B. Rétrocession en valeur en cas d'aliénation du bien donné.

Comme la réduction produit des effets ex tunc, à la manière d'une résolution, le donataire est censé n'avoir jamais été propriétaire du bien donné. Ainsi juridiquement parlant , tous les droits réels qu'il aurait consentis sur ce bien seraient nuls par défaut de droit de propriété. Dans ce même sens, il a été jugé que l'on peut invoquer le droit de propriété lorsque celui qu'on prétend être le donateur n'avait pas la qualité de donner.

Cependant, l'intérêt de la sécurité des tiers mérite d'autant plus d'être pris en considération parce qu'ils n'ont pas pu savoir à l'avance si la réserve a été entamée. A ce propos, par faveur pour les tiers acquéreurs, l'action en réduction subsiste toujours contre le donataire, et le recours de réservataires contre les tiers n'est que subsidiaire. Le réservataire est d'abord obligé de discuter c'est-à-dire de rechercher, de faire servir et de faire vendre en justice les biens du donataire de sorte que l'aliénation sera maintenue si le donataire est solvable.59(*) C'est un bénéfice de discussion et le tiers acquéreur peut l'exiger aux réservataires. Il est sous attendu que dans tels cas de la réduction ne se fait qu'en valeur, et c'est seulement en cas d'insolvabilité du destinataire qu'il peut agir contre le tiers acquéreur.

Précisément, la condition essentielle d'exercice de l'action en réduction contre le tiers acquéreur est l'insolvabilité organisée par le donataire. Les réservataires ne peuvent se contenter d'alléguer cette insolvabilité, ils doivent la prouver. Le tiers acquéreur semble faire l'objet d'injustice mais comme la discussion porte sur tous les biens du donataire, il est rare que celui-ci reste insolvable.
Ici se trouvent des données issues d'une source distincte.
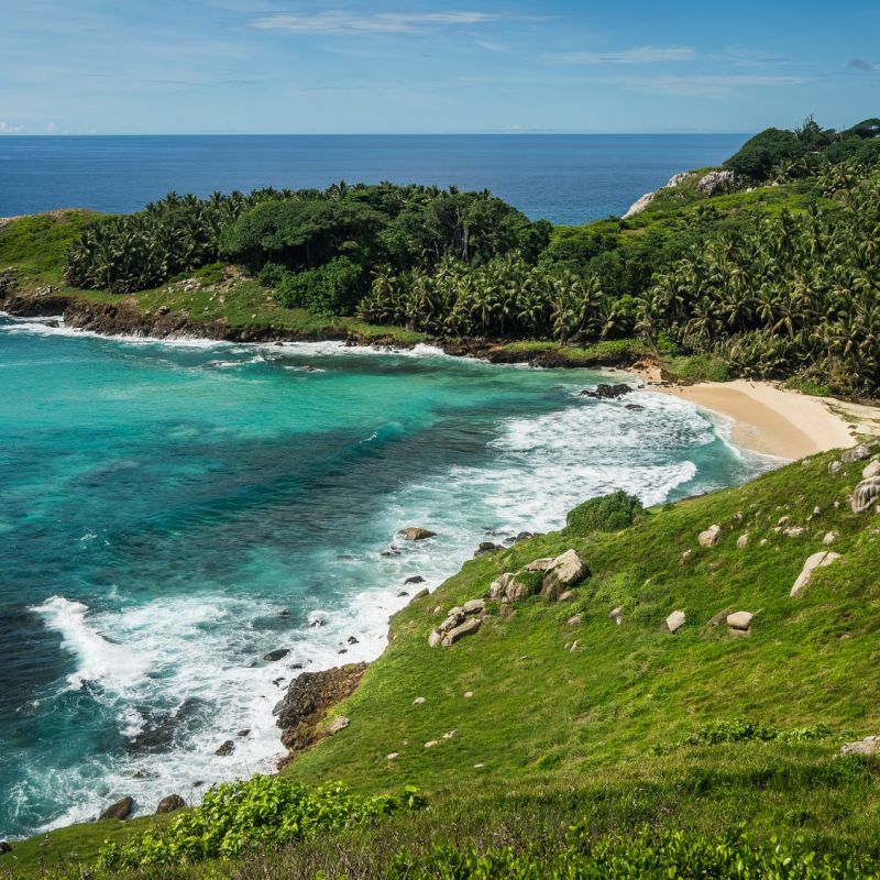 Původně pirátský ostrov s nedotčenou přírodou je rájem pro suchozemské želvy, které zde žijí volně. Na 7 písečných plážích hnízdí mořské želvy. Ubytování v 16 vilách s vlastním bazénem.

En plus, la jurisprudence française récente a conclu de là que le tiers, s'il était poursuivi, pouvait conserver les biens et exiger que la réduction ne se fasse contre lui qu'en valeur, le montant en devant être égal à la valeur actuelle des biens pris sur la réserve.

A cet égard l'on conclurait que dans le conflit entre les exigences de la protection des réservataires et celle de la sécurité des tiers, la solution consacrée est plus favorable à la sécurité des tiers mais aussi la protection des réservataires est partiellement assurée.

Il nous est également utile de préciser que si le bien donné a été l'objet de plusieurs aliénations successives, c'est évidemment contre le dernier acquéreur que la réduction sera poursuivie. Comme les droits anciennement crées méritent une protection accrue par rapport aux droits récents.

* 58 KATUALA KABA KASHALA et MUKADI BONYI, Op. cit. , p.12.